Снова по-собачьи пополз вперед.
Весь ободранный спереди и сзади, словно концы решеток полосами изрезали ему спину, он ткнулся, задыхаясь, лицом в развороченную, с сухими комками землю. Наконец подтянулся с трудом на локтях, высвобождая из-под решетки ноги. Он лежал теперь в больничном дворе на боку, согнув ноги в коленях, ждал, когда успокоится грохот в голове, в ушах, в груди, разрывающий сердце.
Потом вытащил из пакета больничное под тусклым фонарем: штаны и пижамную куртку. Надо переодеваться. Штаны и куртка были полосатые, он впервые подумал об этом, скривившись, — словно на концлагерных снимках. Вдалеке мелькнул и ударял все ярче, приближаясь, фонарик, сильный, как прожектор. Но он уже был одет в больничное. Человек в десантно-пятнистой форме — луч фонарика то описывал круги, а то утыкался в землю — шел, немного покачиваясь, к нему. Пьяный, что ли?.. Сторож? Охранник?

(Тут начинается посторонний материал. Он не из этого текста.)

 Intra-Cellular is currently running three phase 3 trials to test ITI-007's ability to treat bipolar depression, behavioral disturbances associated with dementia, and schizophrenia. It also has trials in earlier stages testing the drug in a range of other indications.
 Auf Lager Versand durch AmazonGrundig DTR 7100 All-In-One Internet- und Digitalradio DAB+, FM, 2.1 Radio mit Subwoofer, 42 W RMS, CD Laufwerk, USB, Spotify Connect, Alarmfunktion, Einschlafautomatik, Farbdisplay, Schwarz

И, стискивая зубы, встал, выпрямился, чтобы не сидеть бессильным на земле.
Человек — от него действительно попахивало водкой — осмотрел его, подойдя чуть не вплотную, поводя снизу вверх лучом.

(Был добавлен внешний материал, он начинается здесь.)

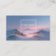 Define your brand with unmatched tranquility and ethereal grandeur using this captivating business card. The design centers on a breathtaking snow-capped mountain landscape, where jagged peaks and dark forests emerge from a sea of soft, glowing pink and orange mist. The entire scene is bathed in the warm, diffused light of a sunrise or sunset, creating a powerful, sophisticated color contrast against the cool blue sky. A sharp, clean white neon-style square frame sits centrally, providing a luminous, futuristic window for your essential information. This artwork beautifully captures the quiet solitude and refined majesty of a secluded alpine scene, blending natural realism with a minimalist, glowing accent. This business card is ideally suited for a luxury travel agency promoting scenic mountain retreats, a high-end spa or wellness brand emphasizing clarity and serenity, or a fine art print seller specializing in dramatic, atmospheric works. It would also perfectly suit a boutique hotelier whose ambiance is defined by breathtaking scenic views, or a corporate consultant who wants to convey a sense of calm and vision.
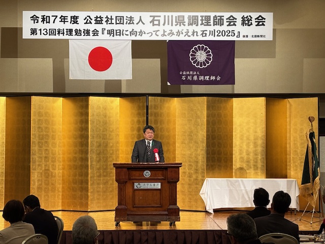 石川県調理師会の料理勉強会にお招き頂きあいさつをしました。
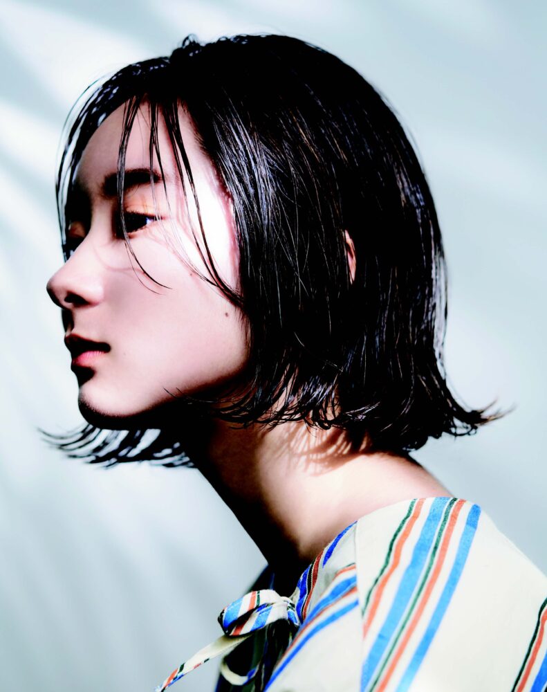 ナチュラルなイメージだが、ただのボサボサではなく抜け感のあるかわいさを意識。淡いミントグリーンのカラーをボブベースにのせ、朝の光に似合わせた。スタイリングもなるべく作りすぎないことを心がけ、カットをそのまま生かして。
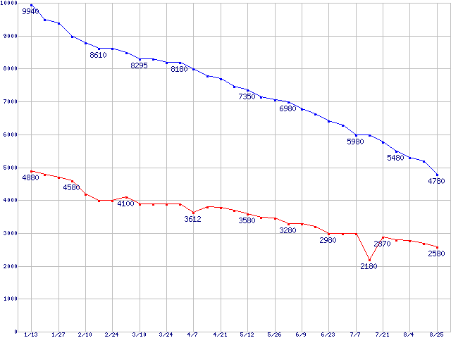 PC2-6400(DDR2-800) DDR2 SDRAM DIMMの最安値推移
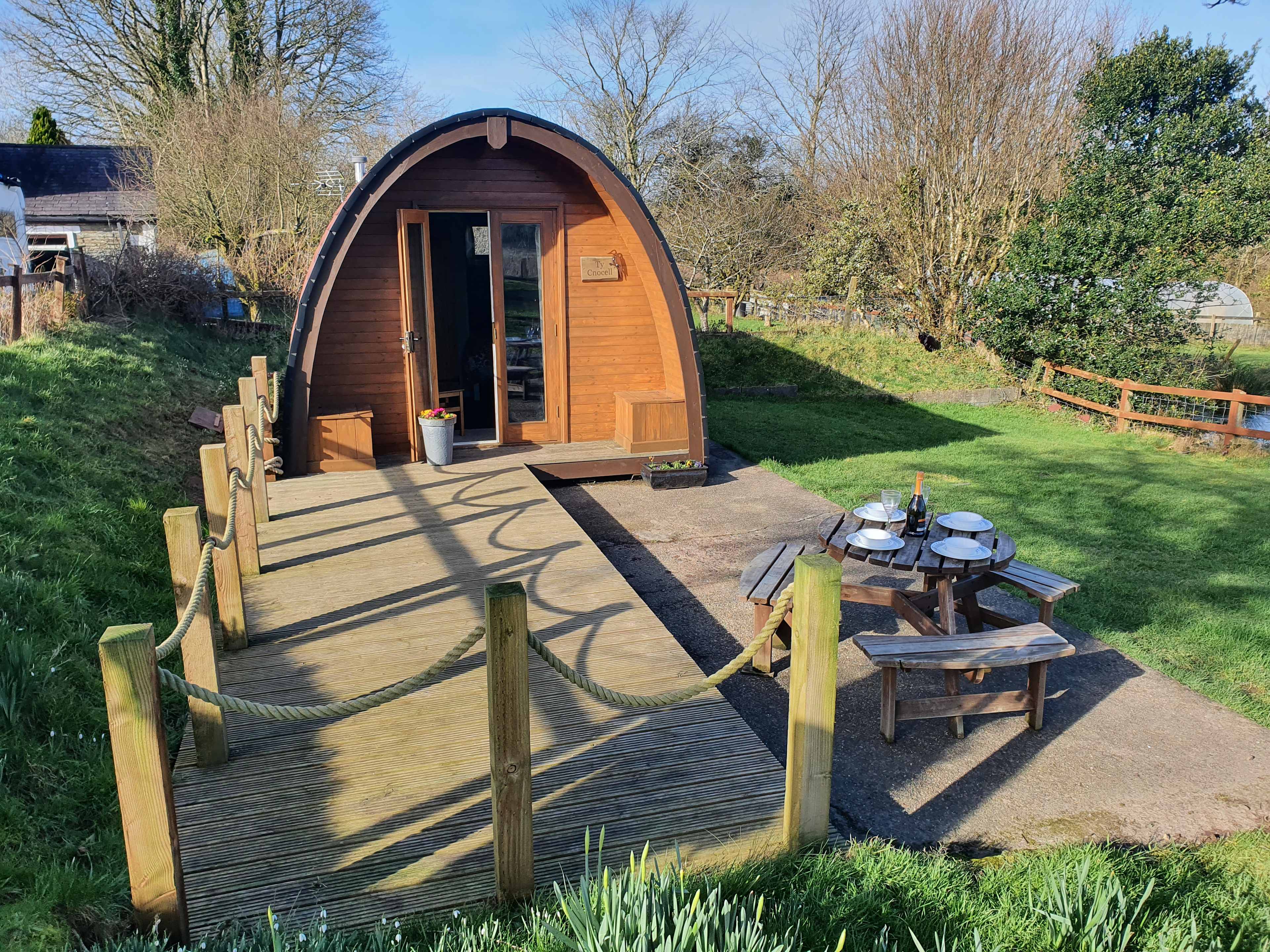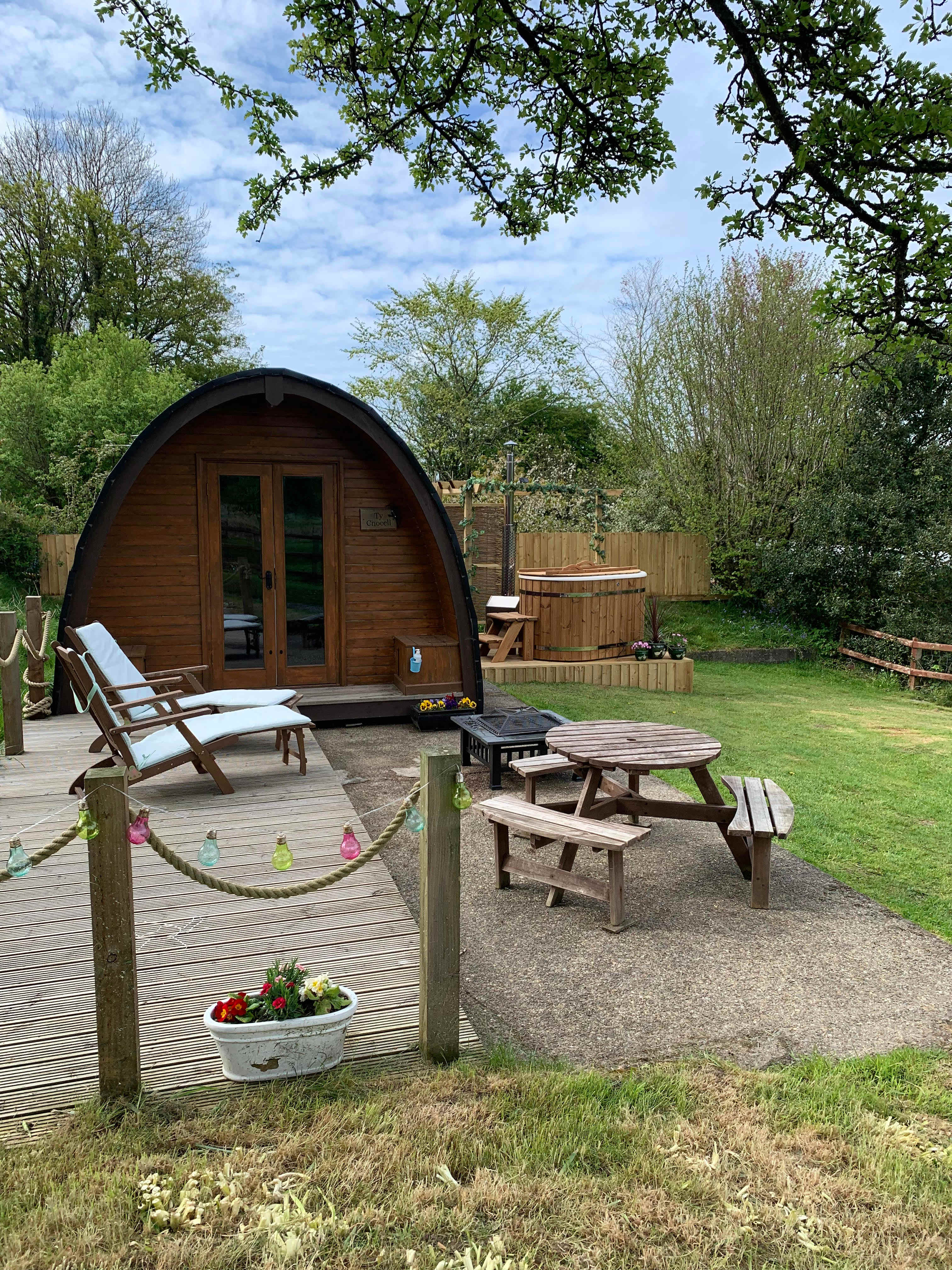 Based on a 4 acre sight that dates from 17th century with it's own natural fed pond. Many generations of different families have farmed here for years. Renovating Ty Cnocell was the first major project we carried our, culminating with the installation of the wood fired hot tub, since we 'escaped to the country'.Ty Cnocell Is a Spacious Glamping Pod set in it's own area of our 4 acre small holding. You can watch the ducks in the adjoining pond and feed the donkeys treats over the fence in the adjacent field. There is plenty of room for children to run around in the Pod's enclosed garden and it also has it's very own private wood fired Hot Tub (which we heat up for you as required). When not out and about enjoying everything Pembrokeshire has to offer, you can sit back and enjoy the view of the Preseli Hills. The pod itself is heated for all year round use and has a very well appointed kitchen, and when weather permits a Fire pit BBQ. Everything you need to get away from it all

— Значит, выздоровел. Из терапевтического? В самоволку ходил? — Голос, странно, был не молодой, а старческий. — Да не дрожи ты, малый, это я у сына форму взял, чтоб сподручней, — хихикнув, объяснил, как своему, сторож. — Ну что, кинул палку Марухе, а? Иди, иди, не заблудись. — И посветил фонарем. — Вон терапевтический.
Он долго стоял у стены чужого корпуса, слушал, как уходит, что-то бормоча, сторож.
Потом, держась за стену, — только б не упасть, — перебирая руками, завернул к себе, в ортопедическое, в хирургию.
Почему ж теперь он знал точно, что умирает?
Не боль в ногах, ее можно терпеть, еще терпеть, а от непонятного забытья.
Он выныривал оттуда, но на минуты только, и проваливался. Слишком, оказывается, долго не приходит он в себя после наркоза, после операции.
Когда открывал глаза, то видел врачей. Они стояли, наклонясь, двое. Нет, Саморукова больше не было. Эти стояли, хирурги.
Один был Дмитриев, другой — Егоров. Но почему Дмитриев был такой сутуловатый, неопределенных лет и такой же гладко-седой, с таким же пробором?.. А у Егорова были большие и даже теперь как будто ироничные черные глаза?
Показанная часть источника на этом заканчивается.